Due to passing on Wednesday, Brent crude futures for October were under $2.78 at $96.53 a barrel following Tuesday’s $5.78 decline. The more active November contract was under $1.37, or 1.4%, at $96.47 a barrel.
U.S. West Texas Intermediate (WTI) crude futures were under $1.31, or 1.43%, at $90.33 a barrel by 1303 GMT, after gliding $5.37 in the prior session on recession fears.
Both contracts dropped by higher than 3% in earlier trade
Eurozone inflation leaped to a record high further. It will soon hit double-digit territory, indicating a string of large interest rate hikes even as a bitter recession seems inevitable.
Inflation in the 19 countries conveying the euro currency revved to 9.1% in August from 8.9% a month earlier. Meantime, U.K. bonds resumed a quick sell-off on a scale not seen after the 1990s because of the country’s bleak economic outlook.
China’s factory activity expanded declines in August as new coronavirus infections, the worst heatwaves in decades, and an embattled parcel sector weighed on production, indicating the economy will work to sustain momentum.

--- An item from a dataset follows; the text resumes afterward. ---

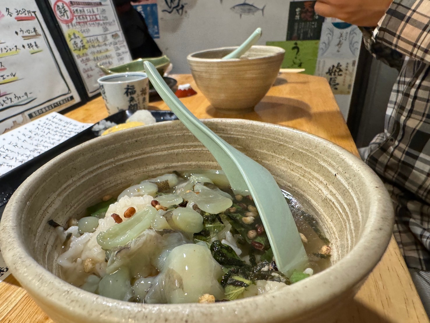 お茶漬けはウメ、蛸ワサ、海苔、シャケから選べます。

Parts of China’s southern city of Guangzhou set coronavirus curbs on Wednesday, entering the tech hub of Shenzhen in fighting flare-ups and fuelling uncertainty over commerce and daily life in two of the region’s most economically dynamic cities.
A report by the Joint Technical Committee of the Organization of the Petroleum Exporting Countries (OPEC) and partners named OPEC+ measured the bearish signals.
In it, the JTC expressed its base case scenario was an oil abundance this year of 900,000 barrels per day (BPD), up 100,000 BPD from its prediction a month earlier.